The presentation on the Global Initiative for Local Computing at the IUC28 came in a conference track dedicated to emerging markets. Schäler said that the typical software company would would disqualify localizing its products for developing and undeveloped markets due to the lack of projected return on investment.

What are the implications of not having modern software products available for less frequently spoken languages in developing markets? Schäler quoted David Brooks who contended that “languages not present in the digital world will soon become obsolete,” then drew a continuum that spelled out no market means no internationalization, no localization, no digital presence, and thus no survival. He asserted that current localization efforts focus on western languages and cultures, thus supporting their world view and leading to a situation where “dominant locales create a blanket, suffocating the rest.”

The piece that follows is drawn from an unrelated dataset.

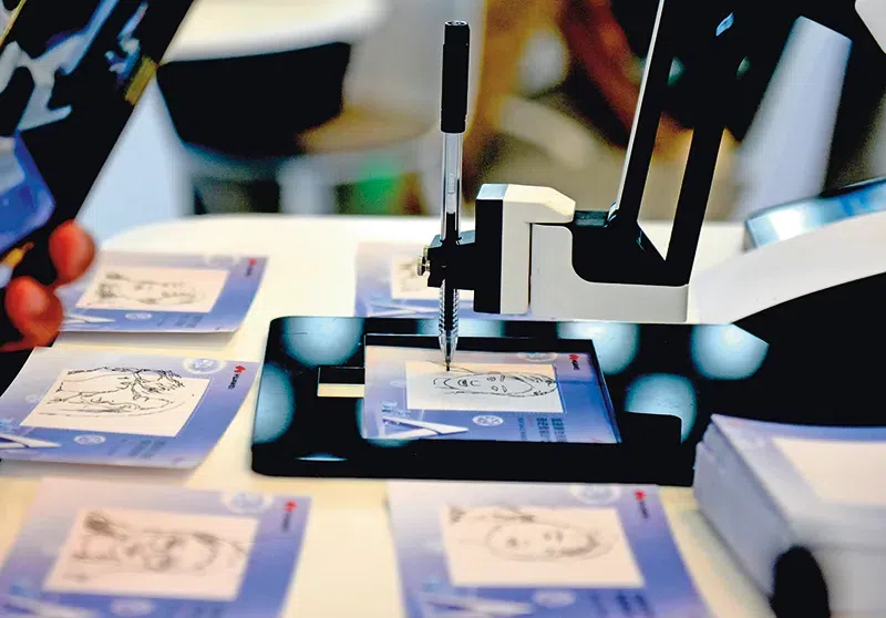 智能素描设备可通过现场拍摄画出素描图。图源:新华社

What will it take to bring at least the character support to these less economically viable languages and the countries where they’re spoken? Schäler asserted that it would take 700 years at the present development rate to encode the world’s remaining scripts in Unicode, but only a few million dollars to bring the Unicode foundation of an information society to these countries.

Some support is available in the form of European Union and Canadian government programs, United Nations efforts, and work by companies like Hewlett Packard with its eInclusion program. The GILC program will supplement government, industry, and open-source projects by clarifying intellectual property rights, promoting local deveopment work, developing infrastructure, faciltating learning, and creating a repository of localized software. The GILC project intends to rally support for preserving languages in the digitized information age. Without active work, these languages will disappear along with the cultures and world views they represent.